[Start of section]
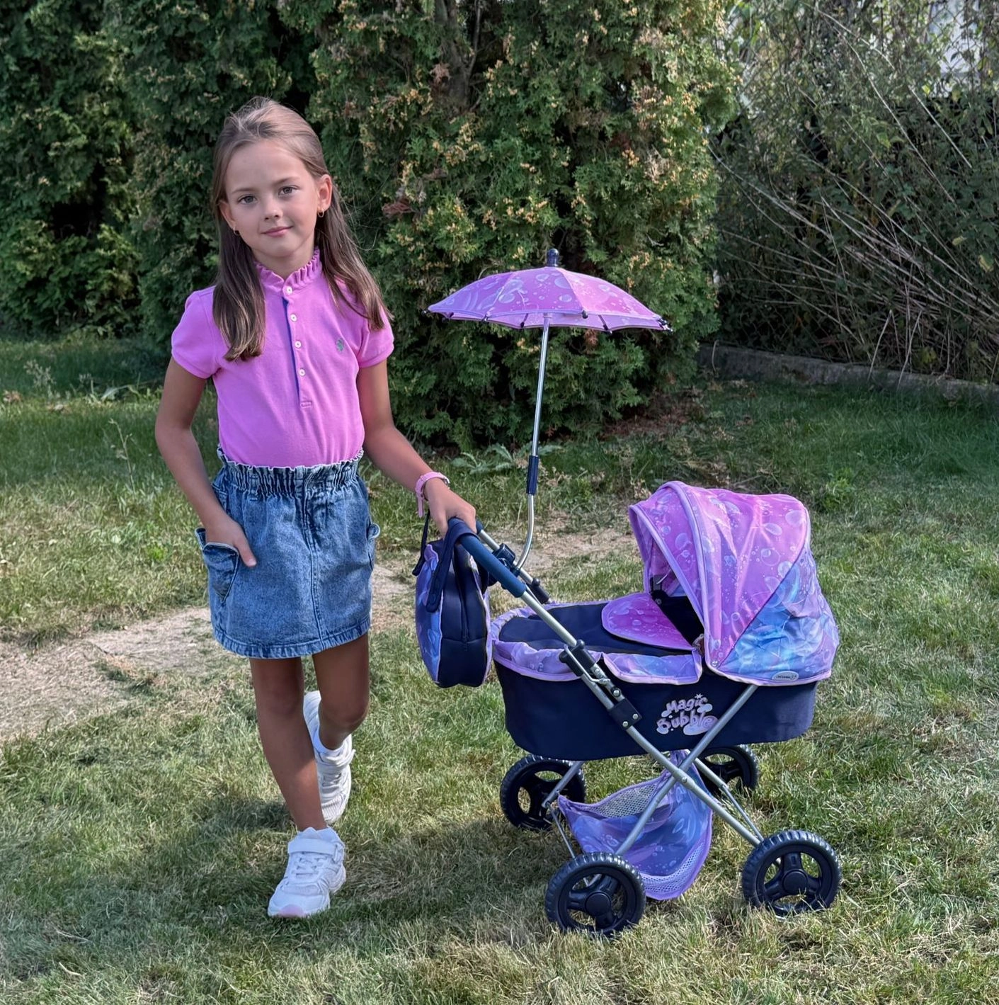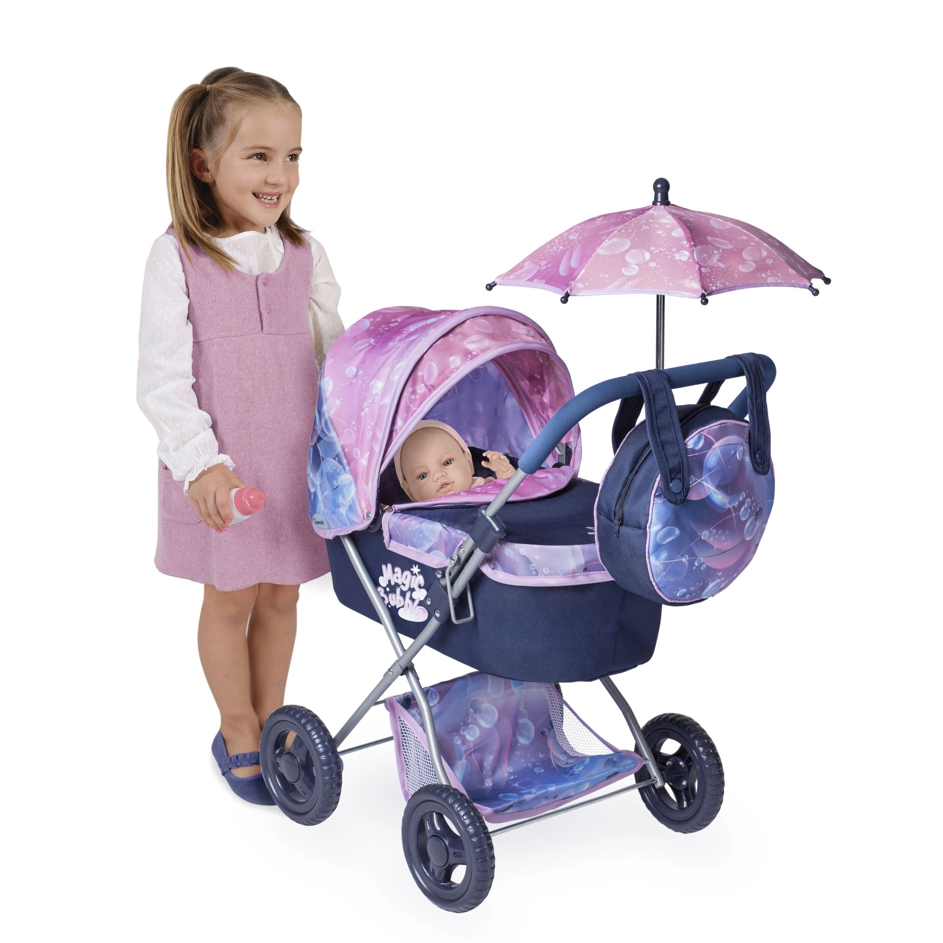 Stilingas lėlių vežimėlis iš kolekcijos Magic Bubble išsiskiria švelniu vaivorykštiniu dizainu, sulankstoma konstrukcija ir gausia komplektacija. Rinkinyje yra skėtis nuo saulės, apvalus krepšys, čiužinukas ir apatinis krepšelis. Dėl žemos rankenos ir lengvo svorio puikiai tinka mažesnėms mergaitėms nuo 3 metų.
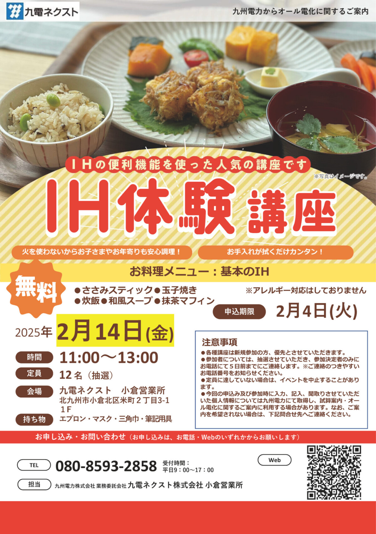 きゅうでんe-住まいる北九州では、定期的にIH体験講座を開催しおり、現在2月14日(金)の「IHクッキング講座」の参加者を募集しています。参加費は無料です。
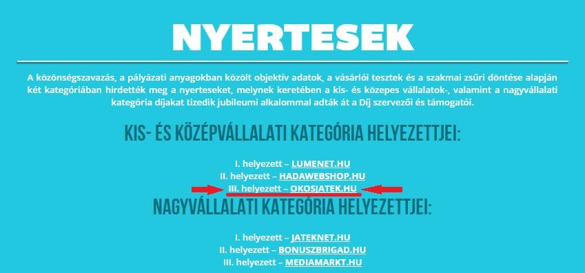 Az Okosjáték Játékbolt a III. helyezést ért el az Év Internetes kereskedője versenyen 2016-ban a KKV szektorban.
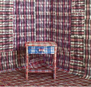 This exhibition is an autobiographical reflection of the Nobukho Nqaba‘s childhood home and upbringing. It highlights the precariousness of daily life within an informal settlement in Grabouw. Many people migrated to this community with bundled up ambitions and modest possessions all packed tightly into checkered plastic bags, commonly known as China bags. They moved in hope for better work; jobs that would eventually require them to dress in sweat-stained blue overalls.
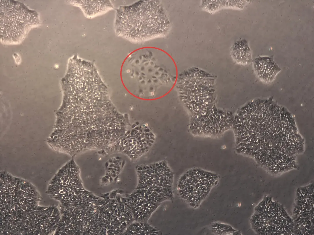 这是自发分化的早期表现!一旦发现,提示你需要尽快传代或剔除分化区域,否则整个克隆都可能“沦陷”。
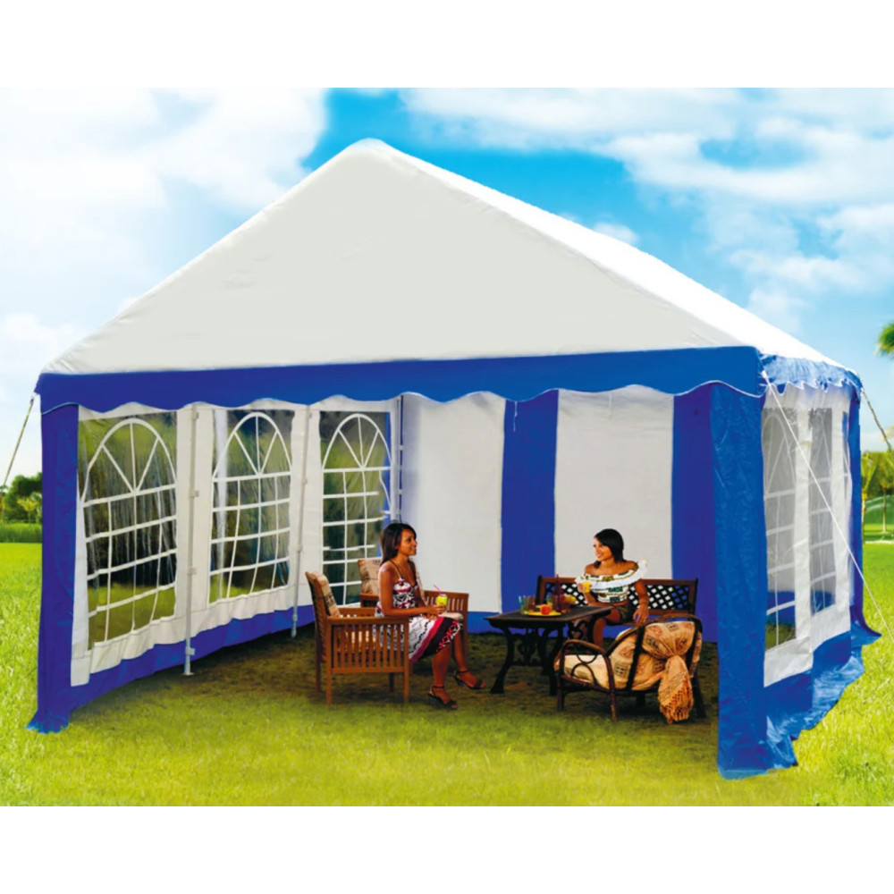 Pour toutes vos réceptions ce chapiteau de grandes dimensions s'adapte à toutes les situations (mariage, baptêmes, etc) - Livré avec ses 4 murs - En version ouvert ou fermé, il préserve la tranquillité de vos repas - Doté d'une toile imperméable - Structure en métal et toile en polyéthylène - Coloris blanc et bleu.
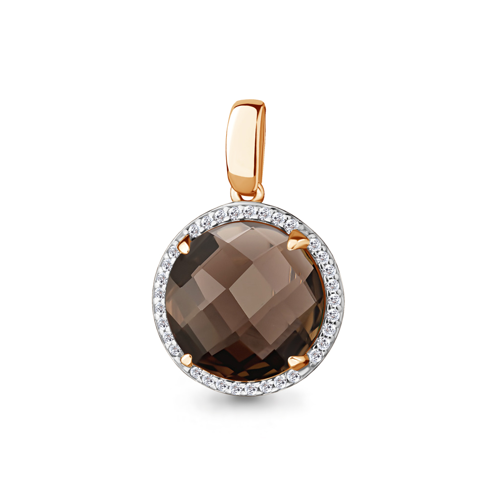 2508201А Подвеска из Серебра с кварцем дымчатым, фианитами
[End of section]
### Task requirements
Copy out the lines above unchanged. Skip the images.

### Exercise response
 Stilingas lėlių vežimėlis iš kolekcijos Magic Bubble išsiskiria švelniu vaivorykštiniu dizainu, sulankstoma konstrukcija ir gausia komplektacija. Rinkinyje yra skėtis nuo saulės, apvalus krepšys, čiužinukas ir apatinis krepšelis. Dėl žemos rankenos ir lengvo svorio puikiai tinka mažesnėms mergaitėms nuo 3 metų.
 きゅうでんe-住まいる北九州では、定期的にIH体験講座を開催しおり、現在2月14日(金)の「IHクッキング講座」の参加者を募集しています。参加費は無料です。
 Az Okosjáték Játékbolt a III. helyezést ért el az Év Internetes kereskedője versenyen 2016-ban a KKV szektorban.
 This exhibition is an autobiographical reflection of the Nobukho Nqaba‘s childhood home and upbringing. It highlights the precariousness of daily life within an informal settlement in Grabouw. Many people migrated to this community with bundled up ambitions and modest possessions all packed tightly into checkered plastic bags, commonly known as China bags. They moved in hope for better work; jobs that would eventually require them to dress in sweat-stained blue overalls.
 这是自发分化的早期表现!一旦发现,提示你需要尽快传代或剔除分化区域,否则整个克隆都可能“沦陷”。
 Pour toutes vos réceptions ce chapiteau de grandes dimensions s'adapte à toutes les situations (mariage, baptêmes, etc) - Livré avec ses 4 murs - En version ouvert ou fermé, il préserve la tranquillité de vos repas - Doté d'une toile imperméable - Structure en métal et toile en polyéthylène - Coloris blanc et bleu.
 2508201А Подвеска из Серебра с кварцем дымчатым, фианитами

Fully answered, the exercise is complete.